The Right enjoyed 12 years of pow­er under Rea­gan and Bush, lost the Pres­i­den­cy to Clin­ton in 1992 when Ross Per­ot split the con­ser­v­a­tive vote and pledged to con­tin­ue their jihad against what they saw as his ille­git­i­mate vic­to­ry from the begin­ning. Hence the fan­tasies of White­wa­ter. Hence the Starr inquiry into the Lewin­sky affair, where now we learn key evi­dence was fab­ri­cat­ed. Hence the attempt­ed impeach­ment. Mud sticks, they reck­oned, and even though they knew impeach­ment would fail, they cal­cu­lat­ed it would put any Demo­c­rat pres­i­den­tial can­di­date in 2000 in a pre­sen­ta­tion­al bind — asso­ci­a­tion with the suc­cess­ful Clin­ton years would be attacked as an asso­ci­a­tion with immoral­i­ty.

But for all their efforts Amer­i­can pub­lic opin­ion remained stub­born­ly tol­er­ant, scep­ti­cal of tax cuts and mod­er­ate­ly cen­trist. To win Bush had to out­spend his rival two to one in the last month and build on the strate­gic dilem­ma faced by Gore about the Clin­ton years. But even then it has tak­en the Supreme Court to com­plete the coup.

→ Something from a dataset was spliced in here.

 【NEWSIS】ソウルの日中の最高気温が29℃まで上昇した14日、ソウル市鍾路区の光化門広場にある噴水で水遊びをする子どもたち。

For all the talk of rec­on­cil­i­a­tion Bush is build­ing a trib­al con­ser­v­a­tive admin­is­tra­tion bent on sup­port­ing busi­ness at home and assert­ing US uni­lat­er­al­ism abroad. His next Trea­sury Sec­re­tary has been picked not for his capac­i­ty to nego­ti­ate the US and the world through the mine­field of a frag­ile inter­na­tion­al finan­cial sys­tem, but his inter­est in feath­er­ing the nests of cor­po­rate Amer­i­ca. And so it goes on, offer­ing the US and the world a pol­i­cy and per­spec­tive not want­ed by the major­i­ty of Amer­i­cans.

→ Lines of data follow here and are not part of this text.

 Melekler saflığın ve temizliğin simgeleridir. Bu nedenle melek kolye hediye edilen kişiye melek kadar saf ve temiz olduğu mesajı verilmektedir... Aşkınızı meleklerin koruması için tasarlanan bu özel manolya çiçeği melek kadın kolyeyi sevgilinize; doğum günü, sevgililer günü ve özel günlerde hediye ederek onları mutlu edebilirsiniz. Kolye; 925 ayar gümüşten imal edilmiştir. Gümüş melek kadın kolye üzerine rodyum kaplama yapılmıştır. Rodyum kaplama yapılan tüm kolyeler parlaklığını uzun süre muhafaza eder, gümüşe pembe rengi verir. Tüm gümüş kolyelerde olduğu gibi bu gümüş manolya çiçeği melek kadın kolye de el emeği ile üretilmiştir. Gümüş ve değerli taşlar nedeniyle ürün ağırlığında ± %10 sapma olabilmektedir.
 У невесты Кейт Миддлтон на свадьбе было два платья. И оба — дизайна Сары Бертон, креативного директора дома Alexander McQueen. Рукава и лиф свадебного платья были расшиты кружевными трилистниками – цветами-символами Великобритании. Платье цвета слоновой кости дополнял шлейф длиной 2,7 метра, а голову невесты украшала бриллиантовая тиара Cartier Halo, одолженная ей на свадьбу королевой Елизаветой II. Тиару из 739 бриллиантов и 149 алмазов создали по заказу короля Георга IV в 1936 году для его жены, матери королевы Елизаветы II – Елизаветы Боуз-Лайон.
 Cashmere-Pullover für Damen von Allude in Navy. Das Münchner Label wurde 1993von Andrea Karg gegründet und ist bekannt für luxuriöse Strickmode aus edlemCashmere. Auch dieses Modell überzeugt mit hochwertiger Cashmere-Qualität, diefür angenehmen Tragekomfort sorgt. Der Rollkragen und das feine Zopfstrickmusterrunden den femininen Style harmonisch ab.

The con­sen­sus view is that with­in months the whole Flori­da affair will be for­got­ten, and Bush will be installed as a legit­i­mate US Pres­i­dent. I don’t agree. The val­ue of democ­ra­cies is they pro­duce admin­is­tra­tions broad­ly in tune with the times and will of the peo­ple, and thus able to mar­shal both con­sent and the cor­rect pol­i­cy respons­es for the vary­ing crises that hit them.

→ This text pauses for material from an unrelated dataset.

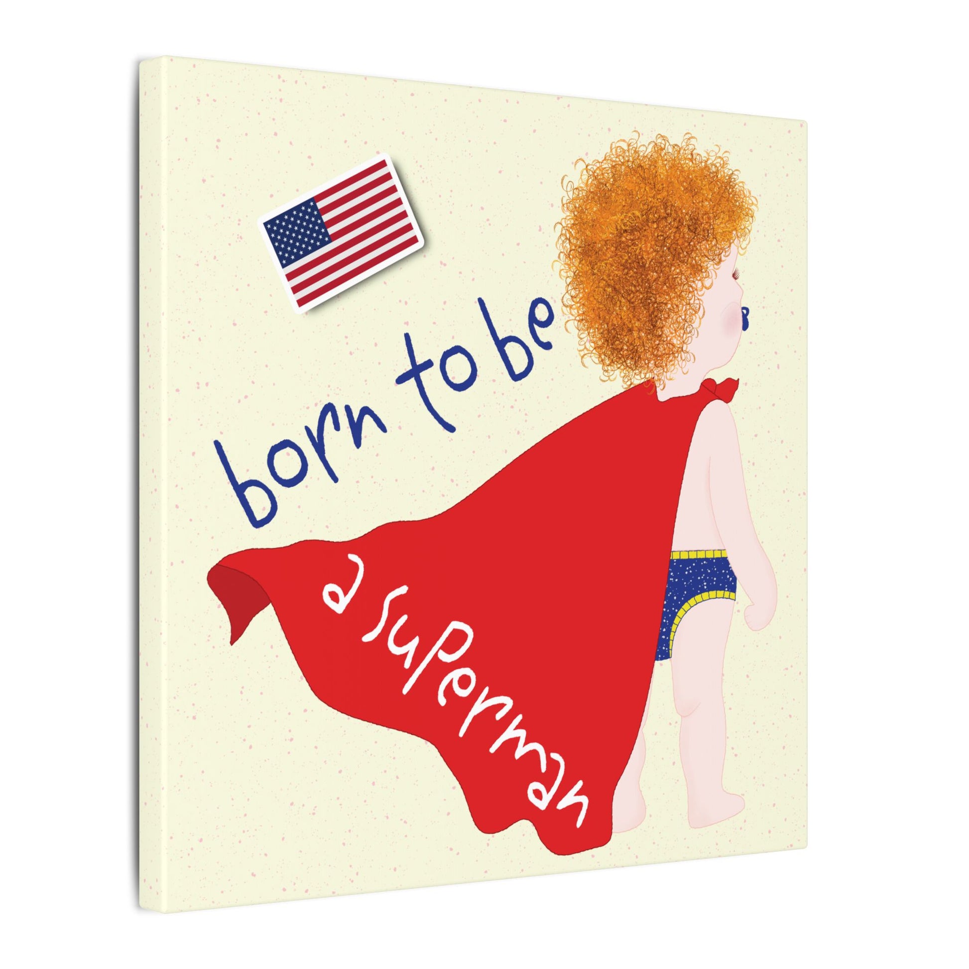 Funny blonde superman nursery canvas, humorous superhero gift for baby boy, Free U.S. Shipping 🖼️

Not so in Amer­i­ca. Whether the need to respect inter­na­tion­al treaties abroad or the desire to uni­ver­salise med­ical pro­tec­tion at home, the US has the man in pow­er it did not want and whose instincts are oppo­site to those of the major­i­ty. This will prove a dis­as­trous admin­is­tra­tion for Amer­i­ca and the world, and the coup will become wide­ly under­stood as a moment of par­ti­san infamy. It is a bru­tal les­son for us lib­er­als. Nev­er, nev­er for­get the treach­ery and poi­son on the Right.